“I don’t want anybody to feel sorry for me”: How Mark Kirton is fighting ALS with the hockey world behind him
Published in Peterborough Petes June 11, 2021
Mark Kirton was vacationing in the Bahamas in 2015 when something odd happened. While reading Bob McKenzie’s Hockey Confidential on the beach, his right bicep began to twitch. He hadn’t just finished a workout and didn’t recall ingesting any caffeine, so it was bizarre that he was experiencing this sudden tremble. At the same time, he noticed his right hand began to weaken, prompting him to investigate further.
For the next two and a half years, Kirton visited rheumatologists and naturopaths and had extensive blood work done, trying to get to the root of the mysterious problem. He even travelled to Phoenix, Ariz., to seek advice from physicians at the famed Mayo Clinic’s satellite location.
In April 2018, he was given the most devastating news of his life at Toronto’s Sunnybrook Hospital; he was diagnosed with amyotrophic lateral sclerosis (ALS), a neurodegenerative disease popularly known as Lou Gehrig’s disease.
“Your whole world comes crashing down in about 10 seconds,” Kirton, now 63, said from his home in Oakville, Ont. “The first thing that pops into our head is, ‘how are we going to tell the kids?’”

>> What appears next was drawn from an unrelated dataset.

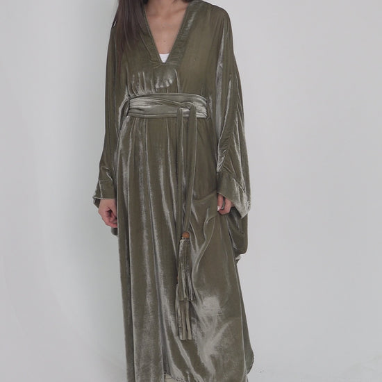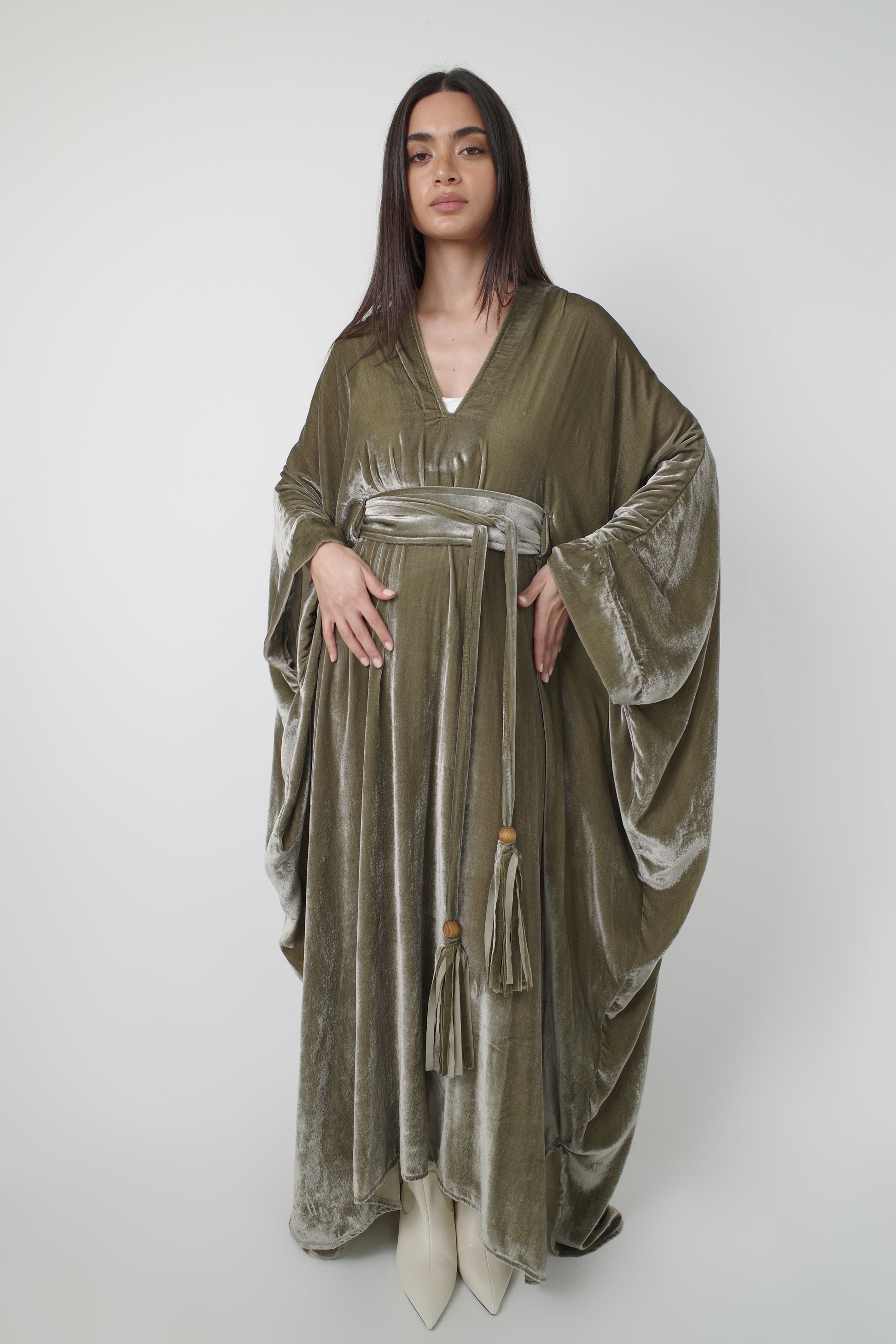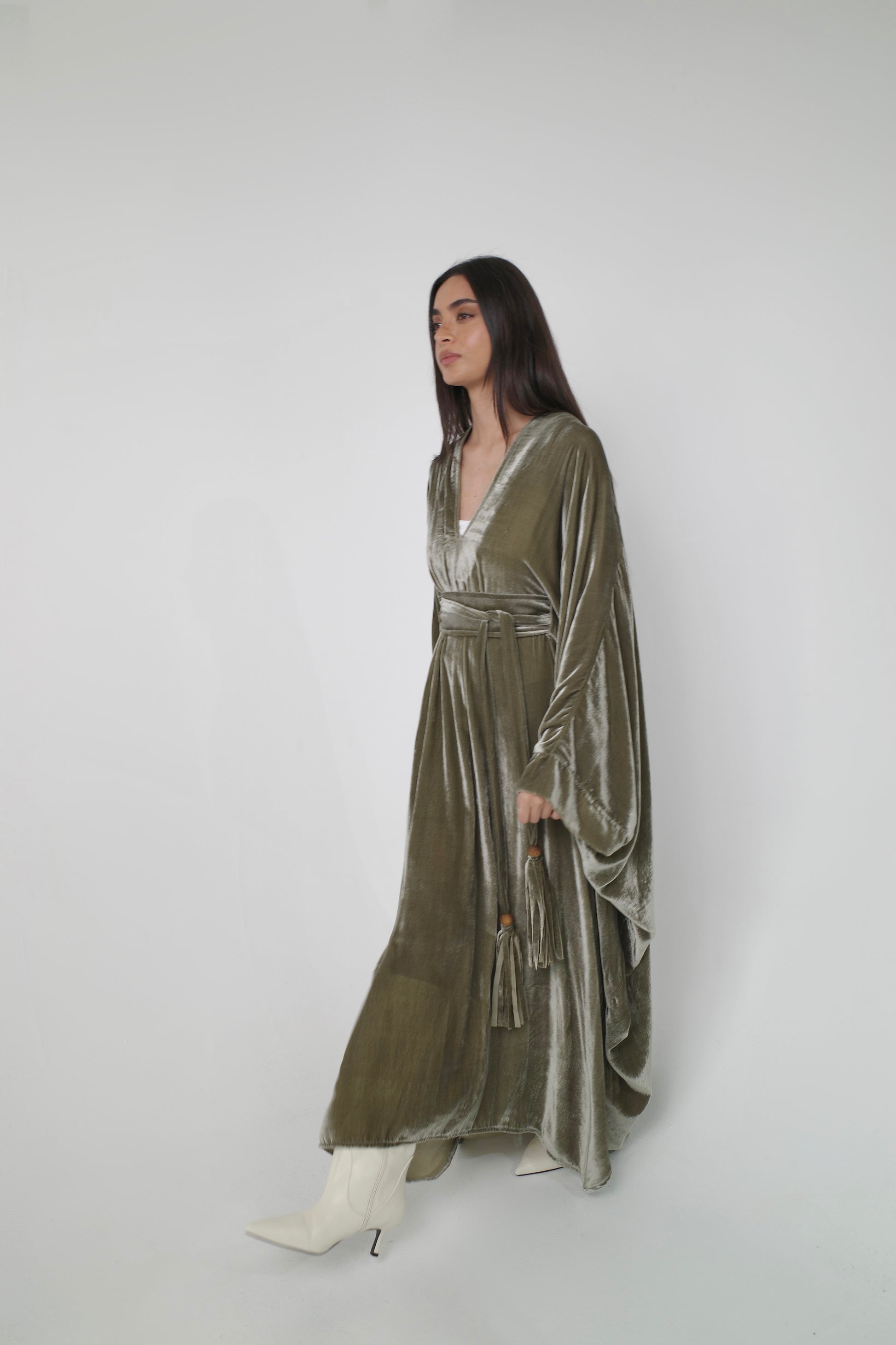 A fluid velvet kaftan in soft sage tones, designed with a wide belt and velvet tassel ties—perfect for Ramadan nights.

Kirton’s three children, who at the time ranged in age from 13 to 26, were top of mind for him and his wife, Lisa.
“I don’t want anybody to feel sorry for me,” Kirton remembered of his mood post-diagnosis. “Even though it’s humbling, I just wasn’t going to change and I was going to be positive and not allow any negativity to enter my DNA.”

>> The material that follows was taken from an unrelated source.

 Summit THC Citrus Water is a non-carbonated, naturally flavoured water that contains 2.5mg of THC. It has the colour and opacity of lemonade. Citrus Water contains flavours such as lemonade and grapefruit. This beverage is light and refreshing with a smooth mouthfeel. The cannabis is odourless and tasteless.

The disease moved around Kirton “like a clock”, starting in his right arm, moving slowly to his left arm, travelling to his left leg, eventually culminating in his right leg. While he no longer has any strength in his legs, he’s able to breathe and swallow without much difficulty, a silver lining an eternal optimist like Kirton is savouring.
“If it stays in my limbs, I’m okay,” Kirton said cheerfully with a slight hearty chuckle.

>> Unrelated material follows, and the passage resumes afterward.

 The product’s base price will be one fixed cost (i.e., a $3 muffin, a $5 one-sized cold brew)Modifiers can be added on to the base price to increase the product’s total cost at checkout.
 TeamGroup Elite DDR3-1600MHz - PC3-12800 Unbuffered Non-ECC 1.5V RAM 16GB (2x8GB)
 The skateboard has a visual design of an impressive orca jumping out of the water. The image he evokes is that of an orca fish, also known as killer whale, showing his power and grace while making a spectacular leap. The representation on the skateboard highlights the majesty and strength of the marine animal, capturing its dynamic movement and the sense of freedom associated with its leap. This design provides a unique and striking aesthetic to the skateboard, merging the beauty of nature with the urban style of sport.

Ill health was not seemingly in the cards for Kirton, who first rose to prominence as a plucky, sturdy forward with the Detroit Red Wings, Toronto Maple Leafs, and Vancouver Canucks in the 1980s. Before being drafted 48th overall in the 1978 NHL Amateur Draft, the Regina, Sask., native spent three seasons with the Peterborough Petes, scoring 67 goals and adding 106 assists in 181 OHL games. He was notably part of the extremely tight-knit 1978 Petes team that made it to the Memorial Cup final.
Though he’d been working as a realtor since his retirement in 1989, he remained active. Before being diagnosed, he didn’t even know much about the disease outside of its iconic ties to the Yankee slugger.
Still, he’s gotten involved, joining ALS Canada and ALS Action Canada this past year. These days, he regularly tweets about ALS awareness, enlisting the help of hockey legends Doug Gilmour, Paul Henderson, Mike Gartner, and others to get his message out. A purple shirt reading “Help Kirts End ALS” was even shown off during a Hockey Night in Canada broadcast in May. Since his diagnosis, Kirton alone has raised almost $70,000 for ALS Canada.
At this point, the prognosis for ALS patients remains bleak. Sure, there’d been some traction on government support for research in the form of Motion 105 in the Canadian House of Commons in 2017, but efforts to nail down a definitive cure for the disease have largely stalled in recent years.
“At the end of the day, we need people’s help to push,” Kirton communicated frankly.
Since Gehrig’s death from ALS in 1941, studies suggest that 80% of people die within two to five years of diagnosis. In Canada, there are about 3,000 people suffering from ALS every year, with roughly 1,000 people dying and 1000 new people diagnosed annually.
Of course, none of that seems to have stopped Kirton from remaining hopeful. After all, he doesn’t just need to be courageous for himself, but he also needs to be brave for his friends, his former teammates, his fellow patients, and, most importantly, his family. To illustrate his outlook, Kirton used a clever, perfectly timed hockey metaphor.
“I have no idea how the third period, per se, is going to play out,” Kirton said, with a lump in his throat but a smile on his face. “But, I’m certainly going to will myself to last as long as I can with this.”
With Major League Baseball recently holding its inaugural Lou Gehrig Day on June 2 and increasing awareness, ALS patients have, at the very least, a glimmer of hope in their relentless fight against the disease. With inspiring figures like Kirton in their corner, a cure is now more of a reality than ever before.
Donations can be made to ALS Research at Sunnybrook in Mark Kirton’s name towards the fundraising goal of $50,000. Sponsorship donations can also be made to “Team Kirts” to support the Walk to End ALS.